The court only has to find that “Irreconcilable differences have caused the irretrievable
breakdown of the marriage and the court determines that efforts at reconciliation have failed or that future attempts at reconciliation would be impracticable and not in the best interests of the family.” 750 ILCS 5/401(a)
Advising the other party prior to taking a particular action and giving notice to the other party of school and extracurricular activities of a minor child is an important element of Joint Parental Decision Making. You cannot fault a party for not showing up to a baseball game or a Christmas play if they were not made aware of it in the first place. Proving that the other party was made aware is also a necessary element in showing that they have notice and then voluntarily chose to not participate in the action or event. The child should not be used to pass notice of events between the parties. It is not the burden of the child to provide information on activities to the other party. A letter, e-mail, or, a text message is, at a minimum, a good way to pass notice of an event to the other party.

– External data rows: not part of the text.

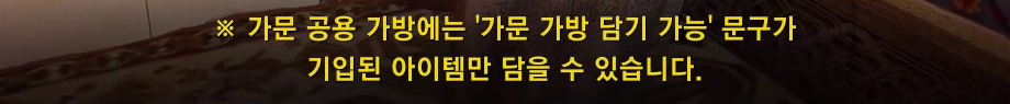 - 단, 아래 아이템은 가문 가방으로 이동할 수 없습니다.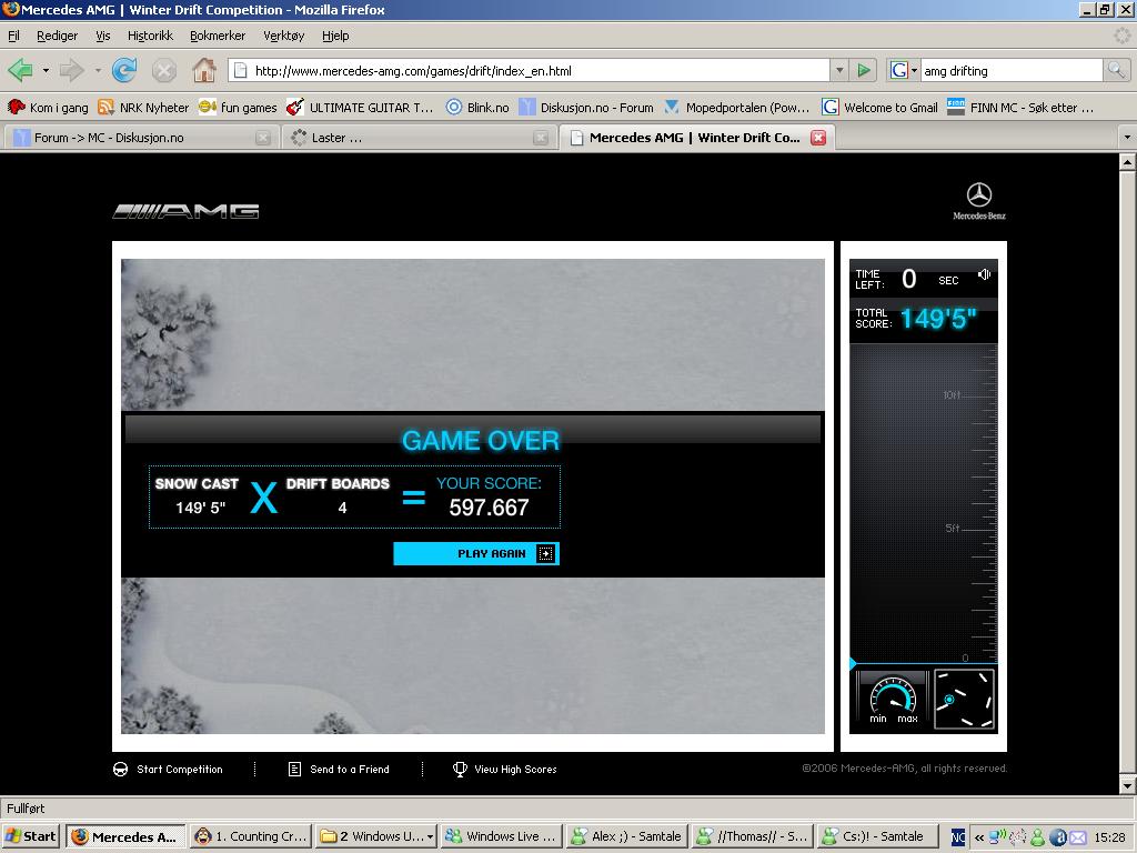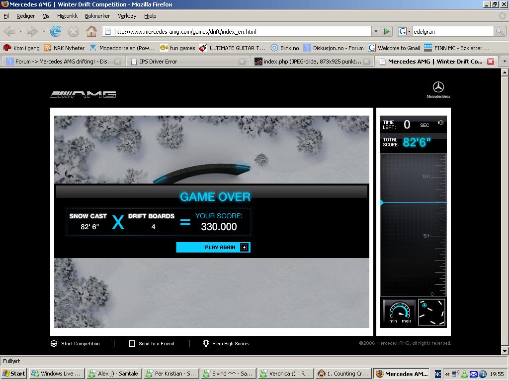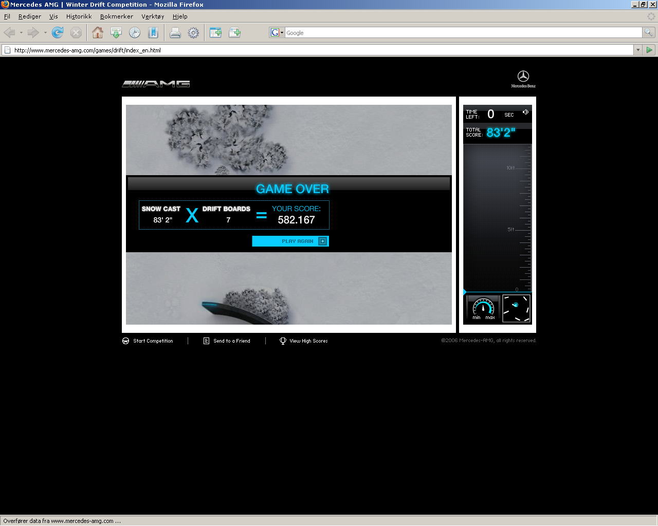 12Anonym12 Skrevet 20. desember 2006 Skrevet 20. desember 2006 (endret) Hei hei, kom over et drit fett spill http://www.mercedes-amg.com/games/drift/index_en.html Her kan man diskutere spillet og hvor mye poeng du fikk Edit: Mitt beste : Endret 20. desember 2006 av Espen56
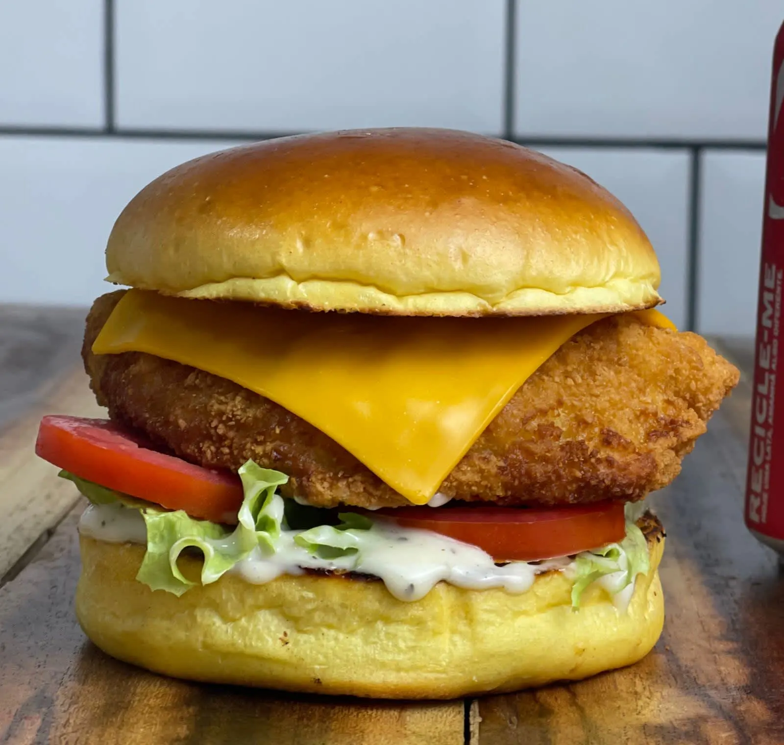 Pão brioche, frango temperado empanado, queijo cheddar derretido, molho especial e salada.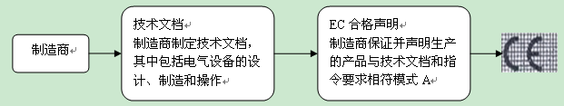 低電壓指令采用模式A,即制造商的自我聲明的合格評定方式。由制造商自己對產(chǎn)品進(jìn)行評價,如果符合法規(guī)要求,制造商簽發(fā)符合性聲明,直接在產(chǎn)品上使用CE標(biāo)志。政府不參與評定過程,只負(fù)責(zé)產(chǎn)品投放市場后的監(jiān)督。具體見以下流程圖: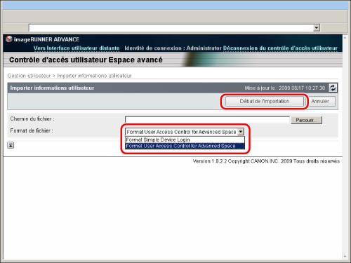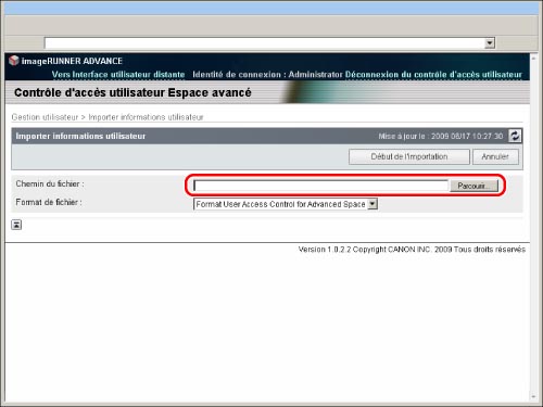 Si le même nom d'utilisateur est déjà mémorisé, ces informations utilisateur ne sont pas importées. Seules les informations utilisateur correspondant à des noms d'utilisateur qui n'ont pas été mémorisés sur cette machine sont importées.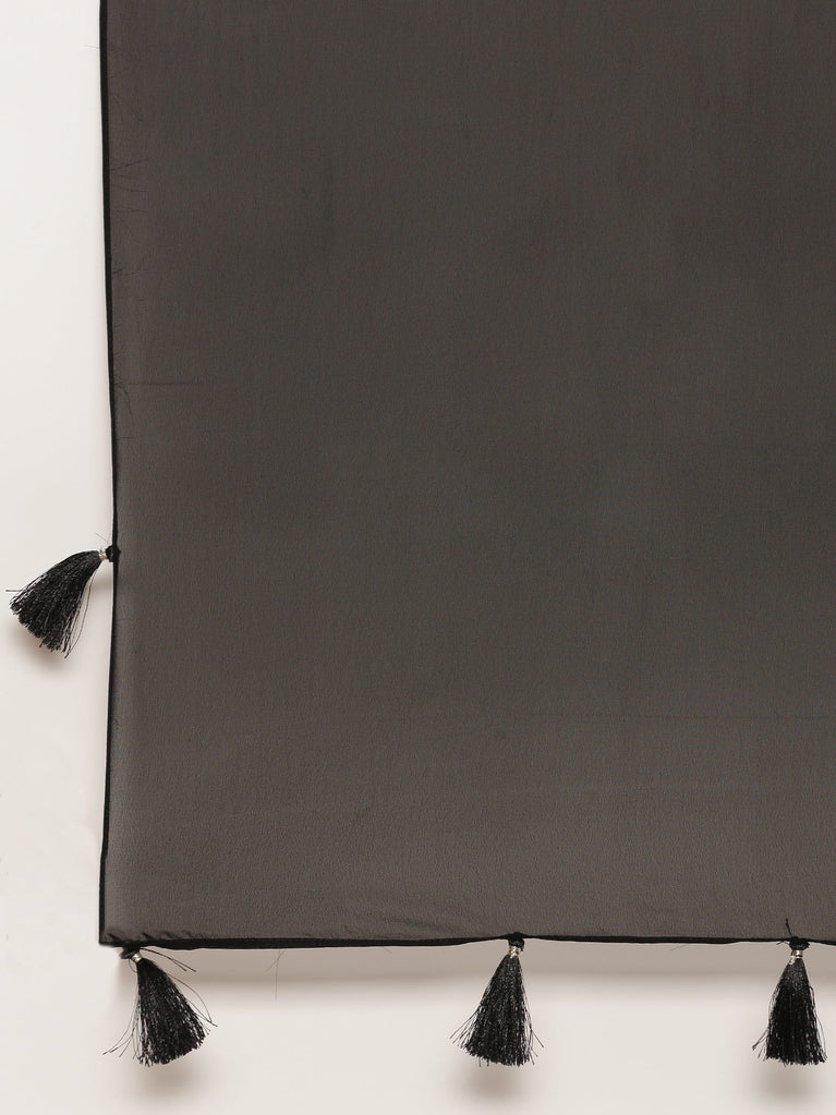 Black Geogrettte Palazoo Set With Embroiderey

Websites that have school and extracurricular activity schedules allows parents to find that information out for themselves. Use www.ourchildinfo.com as a secure, private, and documented method of providing information to both parents.
- SETTLEMENT CONFERENCE
The Court can require a settlement conference, or one can be set upon the request of either party. It is an informal hearing at which the parties and their attorneys appear, meet in a back room at the courthouse, and attempt to resolve the case. It is possible to agree on some issues and leave others unresolved. Is it generally a good idea to attempt at least one settlement conference. At a subsequent hearing, the court will decide the unresolved matters.
- SOCIAL MEDIA and EMAIL
Do not post anything online, E-mail or text messages that you don’t want read in court. Posting negative comments or even general comments on social networking sites can easily multiply into larger problems. If a negative conversation emerges and any children at issue happen to see it, it certainly does not help to settle any pending custodial issues and more likely than not causes a detriment, delay, and bad feelings between the involved parties. It is best to keep your animosity to yourself for the benefit of children. Online accounts are often available to the attorneys and Judges as well. Likewise, leaving a recorded voice message or a text message is a clear implication that you know you are being recorded and that recording can be admissible in evidence. This is the converse of you or someone else not knowing they are being recorded.
- VERBAL AGREEMENTS
Verbal agreements are not worth the paper they are printed on. Common verbal agreements include a rearrangement of a visitation schedule or a modification of child support. An agreement to modify times or exchange visitation weekends should at least be in writing, at best should be confirmed by attorneys. Don’t assume your ex will reciprocate on a visitation switch if based on a verbal agreement. It can be difficult and costly to enforce a verbal agreement. Court’s will often not enforce or even recognize verbal agreements to modify child support. Use www.ourchildinfo.com to coordinate and create permanent documentary evidence of a verbal agreement.